The map inside the map that is the airport here is set to never Surge here in Denver.
The whole state could be RED at the same time, but that little airport square will never go RED.
Even in white-out blizzard over the New Year's weekend I was caught in, it never goes to surge pricing.
As I drove 10MPH for the 10 miles it takes to get away from the airport, I continued to reject fare requests. The app would ping as quickly as I could bring it back online time and time again. In those conditions, there's no way I'm picking someone up. I'm just looking out for my own safety. I took the hit on my acceptance rate as it fell below 50% for last week, but it was worth the experiment.
I guess they do this to avoid the bad PR that might come from a pax initiated from the airport.

Is this the Uber practice in your city/airport?


----------



## Txchick (Nov 25, 2014)

Saw Love field in Dallas TX surge tonight but we have National Championship game here Monday.


----------



## stiflers mom (Jan 10, 2015)

so it's not the case at every airport, thanks


----------



## Walkersm (Apr 15, 2014)

It is similar at LAX. With the relatively few UberX cars that are legal to pick up there it should be surging 75% of the day. They have shut it off for one simple reason. In the fight with the Taxi the place that will be most hurtful to them to lose is the airport. So Uber has to keep prices low because they cannot win on availability as it is very hard to get an UberX at LAX.

What really sucks is the operators that spend a few thousand to get legal and then continue to spend money on commercial insurance they do not get to take advantage of any surge. Yes they can get rides one after another but a few surges would be nice to build up the war chest for repairs and such.


----------



## SDUberdriver (Nov 11, 2014)

stiflers mom said:


> The map inside the map that is the airport here is set to never Surge here in Denver.
> The whole state could be RED at the same time, but that little airport square will never go RED.
> Even in white-out blizzard over the New Year's weekend I was caught in, it never goes to surge pricing.
> As I drove 10MPH for the 10 miles it takes to get away from the airport, I continued to reject fare requests. The app would ping as quickly as I could bring it back online time and time again. In those conditions, there's no way I'm picking someone up. I'm just looking out for my own safety. I took the hit on my acceptance rate as it fell below 50% for last week, but it was worth the experiment.
> ...


_No surge at the San Diego airport. I don't think it would make sense,riders would just hop in cabs._


----------



## Raquel (Jan 9, 2015)

There has been surges at SAC airport..but very rare...


----------



## Chris Dee (Nov 19, 2014)

All international airports are the same here in south Fla., PBIA, MIA and FLIA all stay yellow during surges.


----------



## wtdrivesnj (Dec 5, 2014)

Same here in New Jersey


----------



## Struggling Actor (Jan 9, 2015)

Chris Dee said:


> All international airports are the same here in south Fla., PBIA, MIA and FLIA all stay yellow during surges.

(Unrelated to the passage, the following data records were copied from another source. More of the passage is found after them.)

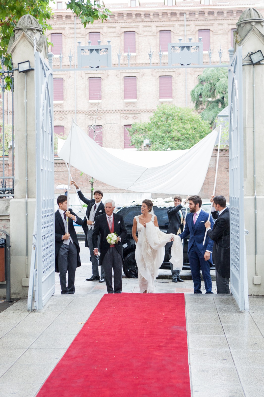 El día anterior, fue a Leroy Merlín, compró 6 postes de madera y una lona blanca. De forma totalmente casera creó un palio para cubrir a la novia. El resultado, lejos de ser cutre, fue una entrada de princesa por todo lo alto.
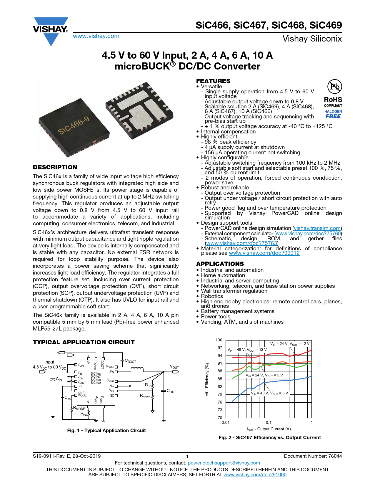 SiC466, SiC467, SiC468, SiC469. 4.5 V to 60 V Input, 2 A, 4 A, 6 A, 10 A. microBUCK® DC/DC Converter. FEATURES. DESCRIPTION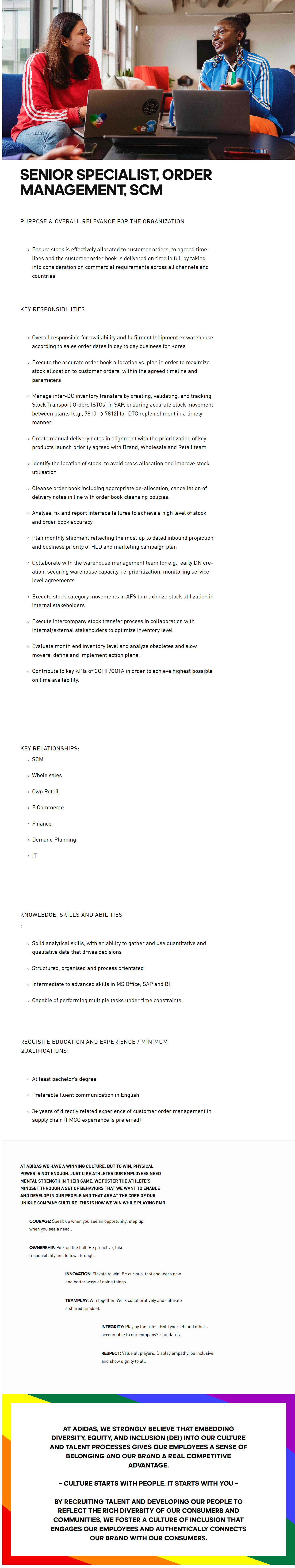 3+ years of directly related experience of customer order management in supply chain (FMCG experience is preferred)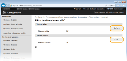 Si las direcciones MAC se introducen de forma incorrecta, es posible que no pueda acceder al equipo desde la IU Remota, en cuyo caso deberá establecer <Filtro de direcciones MAC> en <Off>. Filtro de direcciones MAC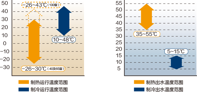 制熱運行環(huán)境溫度:-26~30℃(40及65型)/ -26~43℃(130型);制冷運行環(huán)境溫度:10~48℃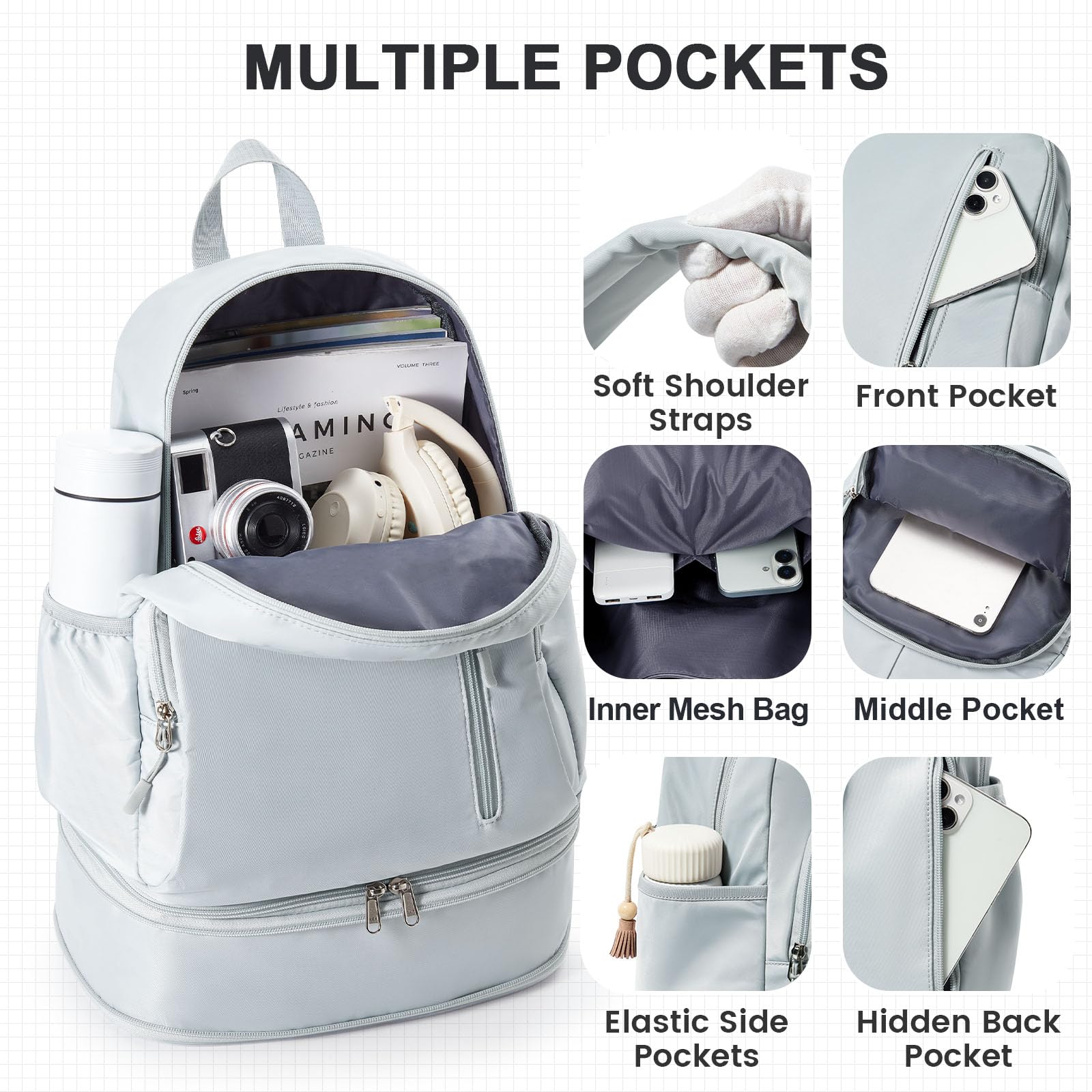 - Multi-functional】The fitness backpack consists of 5 separate pockets of different sizes and large compartments. Multi-pocket backpack is convenient for you to put different items, two side pockets can store water bottles and umbrellas.

I have a question for Uber XL and Uber Select drivers that receive requests for both categories on your partner app. What percentage of requests that you get are paying the higher XL or Select rate? I am trying to find out if it is worth buying a used minivan or nicer car for those categories.


----------



## jsixis (Dec 14, 2014)

Columbus Ohio never surges.


----------



## Markisonit (Dec 3, 2014)

Never seen HOU or IAH surge.


----------



## Chris Dee (Nov 19, 2014)

Struggling Actor said:


> I have a question for Uber XL and Uber Select drivers that receive requests for both categories on your partner app. What percentage of requests that you get are paying the higher XL or Select rate? I am trying to find out if it is worth buying a used minivan or nicer car for those categories.


You're a fool if you are going to buy a vehicle to work Uber. People hate minivan's for XL's, every time an SUV arrives they breathe a sigh of relief, minivan's are also a dead giveaway for the code enforcement officers at MIA and FLIA.
The increase in fare on an XL barely is worth it as all fares have decreased, lastly you will lose an additional %8 on your fare, Uber takes %28 for XL.


----------